In vivo feasibility in a non-human primate (NHP) model. Coronal T₁-weighted, T₂-weighted and susceptibility-weighted imaging (SWI) for NHPs 1 (left) and 2 (right). T₁-weighted MRI confirmed blood-brain barrier opening in the thalamus (NHP 1) and dorsolateral prefrontal cortex (NHP 2), using the clinical focused ultrasound (FUS) transducer with clinically relevant parameters (MI: 0.4) and FDA-approved Definity microbubble dose (10 μl/kg). T₂-weighted and SWI showed that there is no acute hemorrhage or edema after the FUS treatment. Color bar: normalized contrast enhancement. Scale bar: 1 cm.

Fig. 10:

In vivo passive cavitation detection measurements confirmed that stable cavitation dominated throughout ultrasound treatment at clinically-relevant conditions. Spectral amplitude (a, d) before and (b, e) after microbubble injection, for non-human primate (NHP) 1 (a, b) and NHP 2 (d, e). Spectrogram of the entire treatment session for NHP 1 (c) and NHP 2 (f). Higher harmonic emissions were detected, with no substantial increase in the broadband floor after microbubble entrance into the focal volume (white dashed lines). (g)-(h) Stable harmonic cavitation levels (black line) rose right after microbubble administration (dashed line) and remained relatively constant throughout the sonication, for both NHP 1 (g) and 2 (h).

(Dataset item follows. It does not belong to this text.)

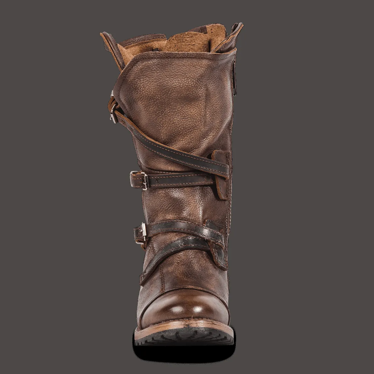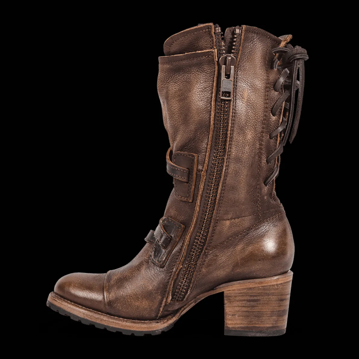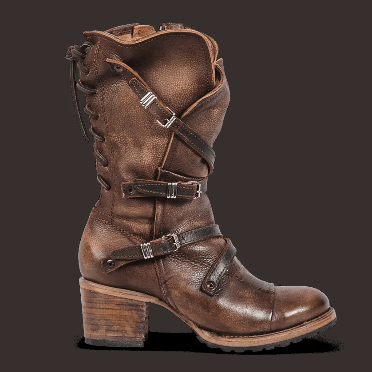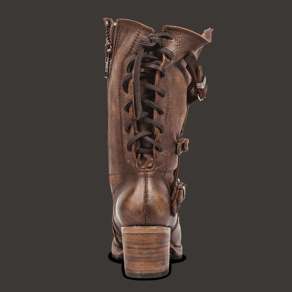 Imagine Looking Good From All Angles. Designed With A Slouchy Silhouette, Cora Is Fun, Yet Functional With Its Inside Brass Zip Closure And Rubber Tread Sole. Its Overlapped Shaft Features Leather Straps With Adjustable Silver Buckles And A Back-Lacing Design. Comfortable And Unique, You Won’T Go Anywhere Without Your Cora. Leather Upper, Leather Lining, Rubber Tread Sole Handcrafted In Mexico 2½”Heel Height 9¾”Shaft Height 14″ Adjustable Shaft Circumference Measurements Taken From Us Size 8
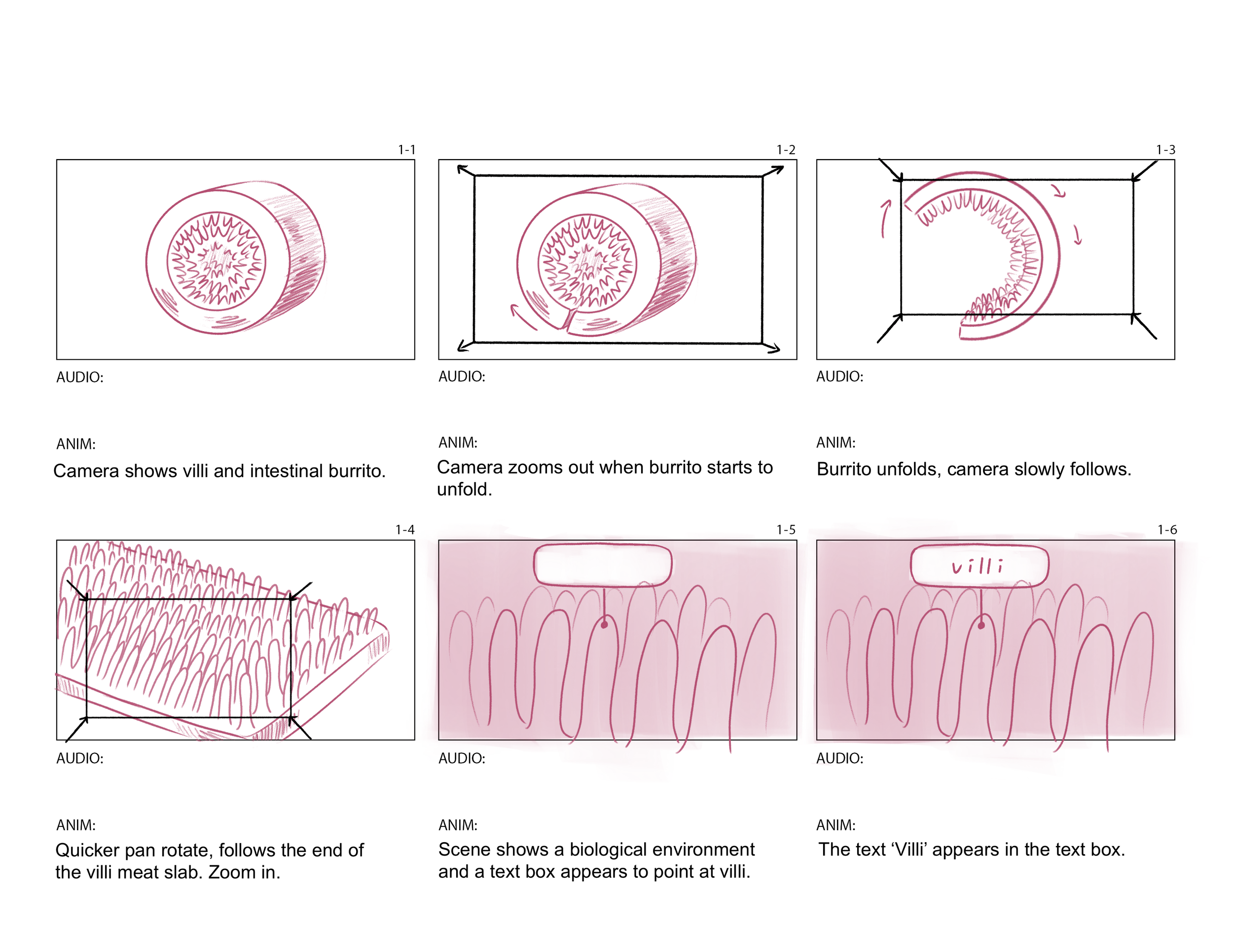 These storyboards show the journey from a macroscopic view of intestinal villi to the microanatomy of intestinal microvilli.

Stable ultraharmonic (blue line) and inertial cavitation levels (red line) had a moderate increase, indicating absence of violent cavitation events at MI of 0.4. Arrows indicate the time points shown in (b) and (e). (i) Average stable harmonic (black), stable ultraharmonic (blue) and inertial (red) cavitation dose during focused ultrasound treatment for NHP 1 (filled bars) and NHP 2 (patterned bars), following microbubble administration (t > 15s). Data presented as mean ± standard deviation (n = 210 pulses).